Dec 11, 2010 8:21 PM by Matt Stafford
"In the last year or so, I've been seeing more and more service people than I ever have," says Dan Lundy, L.P.C. That's after 18 years of private practice, off post, as a licensed counselor. However he says it's not just the service members having trouble, the whole family takes on a deployment.
"Just the nature of the service member not being home can create a lot more stress in general, and I believe that gets magnified during the holiday season," Lundy explains. He says part of that comes from the moving around associated with the Army; many people have moved in from out of town, leaving their support system behind.
"That isolation and that lack of support, I think, really magnifies the stress levels."
He's not alone in thinking that, the University of Phoenix is keeping an eye on the stress for these families as well.
"There are counselors in the community, and teachers, that are hungry for this information," says Rebecca Robles, the University of Phoenix college chair for the Colorado Springs campus.
Saturday they held one of four free workshops giving professionals a chance to talk about how they're handling military problems.

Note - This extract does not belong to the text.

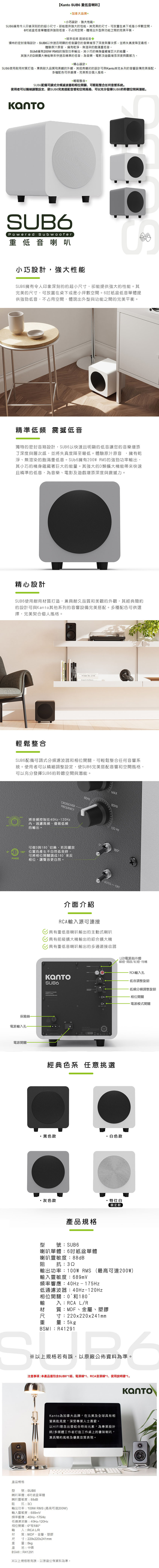 加拿大品牌 Kanto SUB6 重低音喇叭6吋紙盆低音單體/200W低音威力/RCA輸入 公司貨
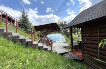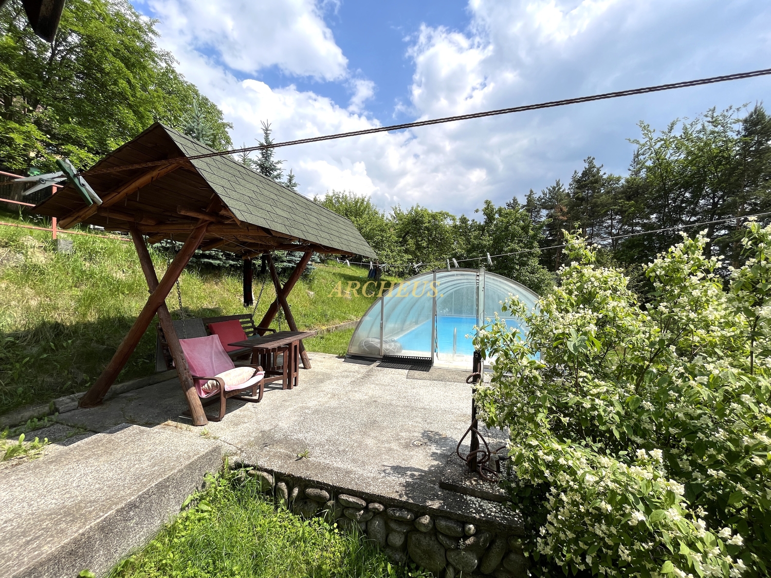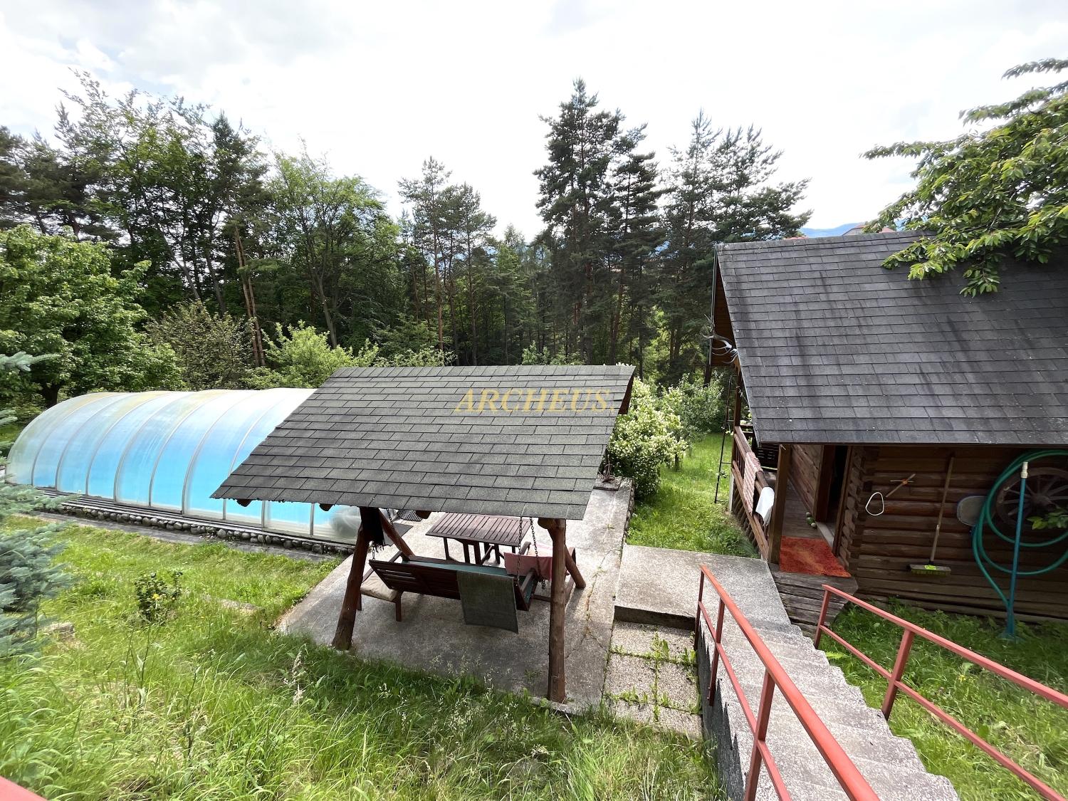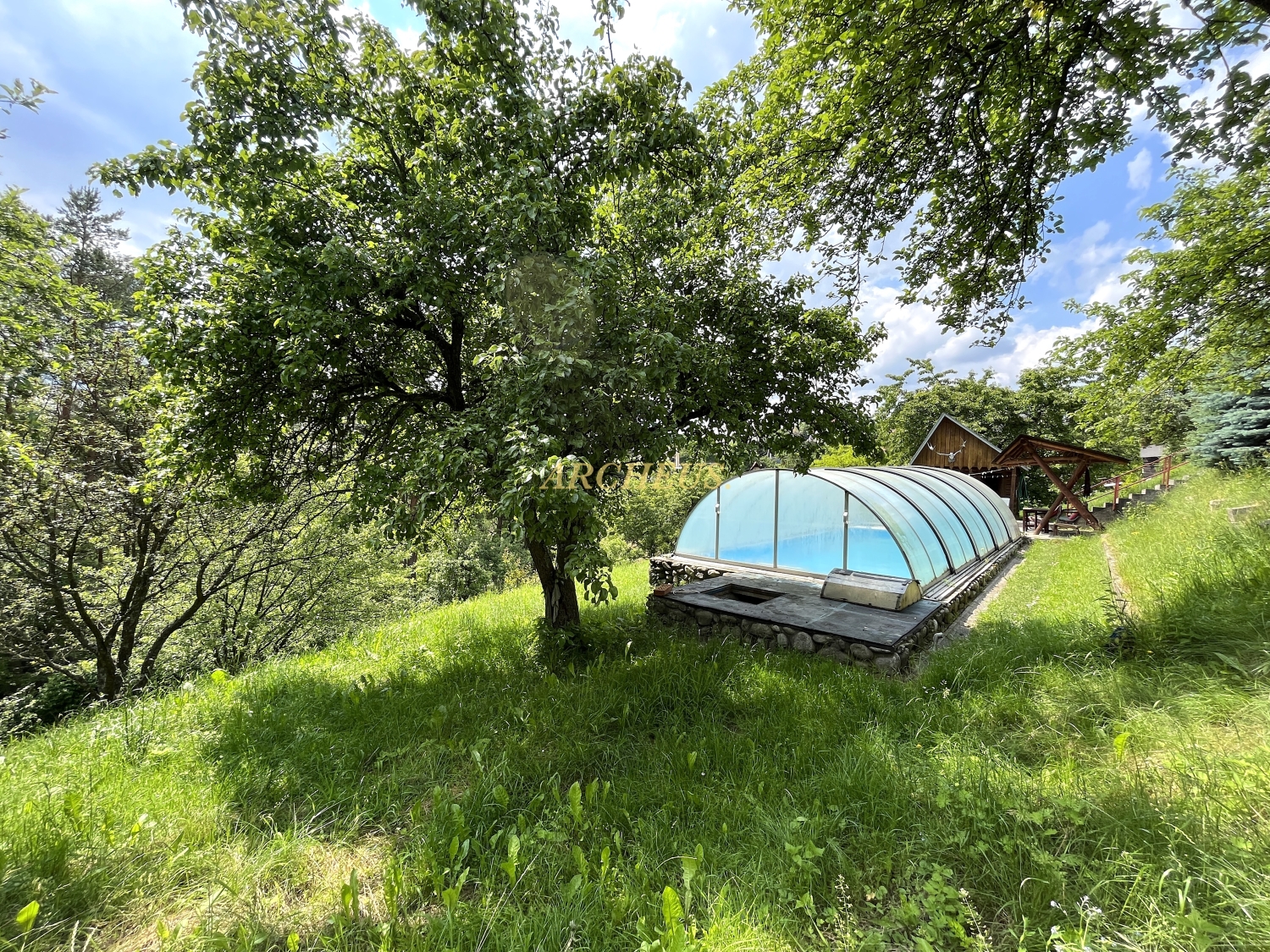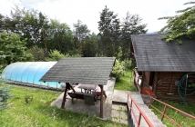 Na pozemku sa nachádza bazén s protiprúdom a drevená záhradná chatka.

The University of Phoenix is one of the largest private universities in the country, but they realize helping military families is a local issue for their Springs campus.
"We know we're one of three campuses with large military populations," Robles says, along with campuses in El Paso and Killeen, Texas. So they focus on the issues of military families a little more closely through their curriculum.
It's the same reason Lundy is giving extra focus to his practice; spending a Saturday learning more about an issue that he's watching grow.
Organizers say family members should watch for erratic behavior, changes in sleeping patterns and swings in moods. Professionals say if you notice these behaviors, seek help. As for getting through the holidays, they say it will take some patience and support to help someone one fight off stresses they are feeling.